DATA SHOWN ::

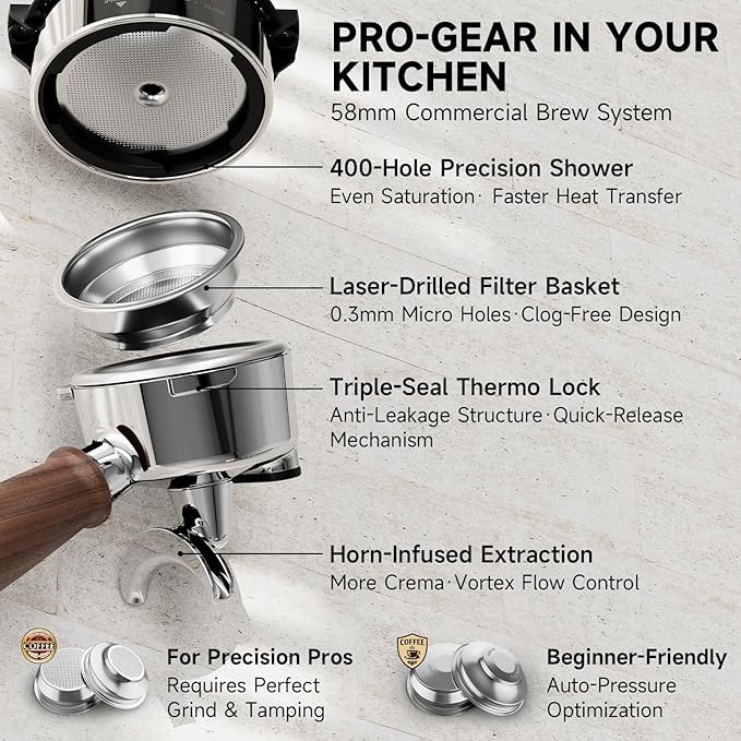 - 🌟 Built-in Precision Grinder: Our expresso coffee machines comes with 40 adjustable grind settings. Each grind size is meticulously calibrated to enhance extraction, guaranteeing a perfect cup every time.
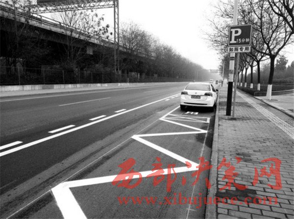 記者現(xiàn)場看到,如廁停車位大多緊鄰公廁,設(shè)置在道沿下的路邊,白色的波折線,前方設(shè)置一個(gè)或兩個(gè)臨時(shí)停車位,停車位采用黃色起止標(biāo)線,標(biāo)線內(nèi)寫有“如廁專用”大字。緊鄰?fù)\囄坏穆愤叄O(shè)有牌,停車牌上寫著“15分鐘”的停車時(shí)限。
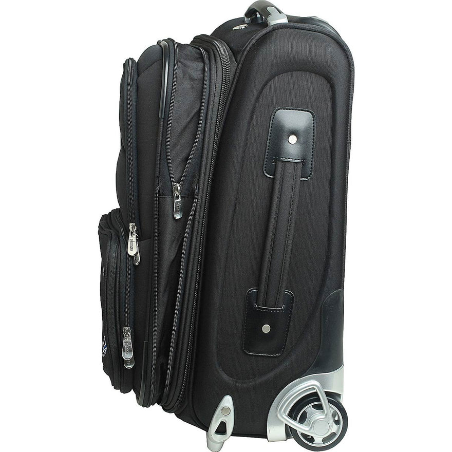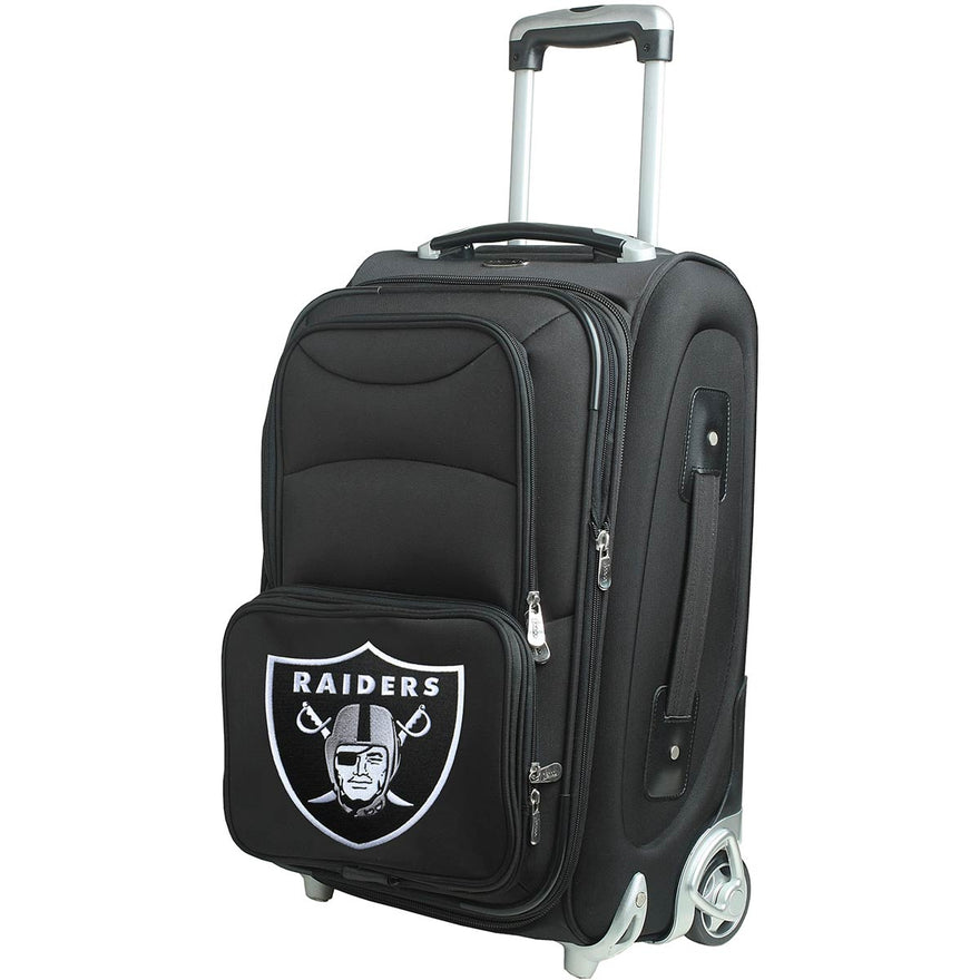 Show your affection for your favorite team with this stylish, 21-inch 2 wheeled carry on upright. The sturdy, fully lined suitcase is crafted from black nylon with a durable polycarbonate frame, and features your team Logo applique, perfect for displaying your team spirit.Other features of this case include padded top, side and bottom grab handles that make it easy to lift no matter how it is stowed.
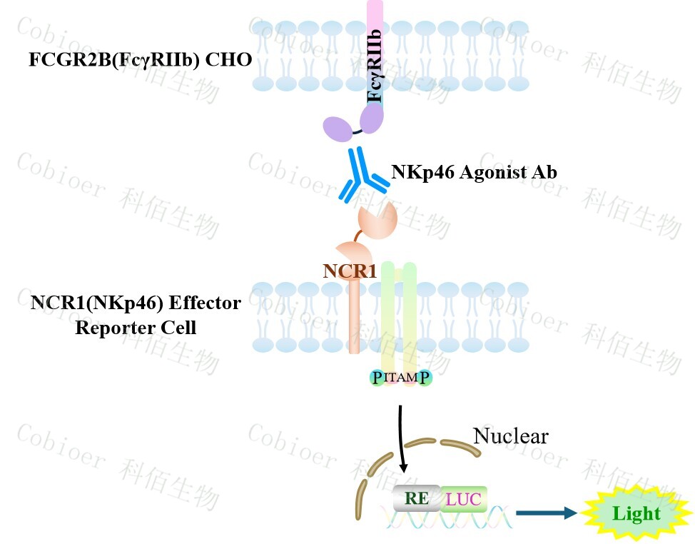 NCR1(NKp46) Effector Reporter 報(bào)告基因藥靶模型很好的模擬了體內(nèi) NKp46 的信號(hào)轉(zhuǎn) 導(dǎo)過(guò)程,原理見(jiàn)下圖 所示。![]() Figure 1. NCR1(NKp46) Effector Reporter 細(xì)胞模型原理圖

EXERCISE PROMPT :: Leave the pictures out and return the rest of the listing exactly.

TASK ANSWER ::
 - 🌟 Built-in Precision Grinder: Our expresso coffee machines comes with 40 adjustable grind settings. Each grind size is meticulously calibrated to enhance extraction, guaranteeing a perfect cup every time.
 記者現(xiàn)場看到,如廁停車位大多緊鄰公廁,設(shè)置在道沿下的路邊,白色的波折線,前方設(shè)置一個(gè)或兩個(gè)臨時(shí)停車位,停車位采用黃色起止標(biāo)線,標(biāo)線內(nèi)寫有“如廁專用”大字。緊鄰?fù)\囄坏穆愤叄O(shè)有牌,停車牌上寫著“15分鐘”的停車時(shí)限。
 Show your affection for your favorite team with this stylish, 21-inch 2 wheeled carry on upright. The sturdy, fully lined suitcase is crafted from black nylon with a durable polycarbonate frame, and features your team Logo applique, perfect for displaying your team spirit.Other features of this case include padded top, side and bottom grab handles that make it easy to lift no matter how it is stowed.
 NCR1(NKp46) Effector Reporter 報(bào)告基因藥靶模型很好的模擬了體內(nèi) NKp46 的信號(hào)轉(zhuǎn) 導(dǎo)過(guò)程,原理見(jiàn)下圖 所示。![]() Figure 1. NCR1(NKp46) Effector Reporter 細(xì)胞模型原理圖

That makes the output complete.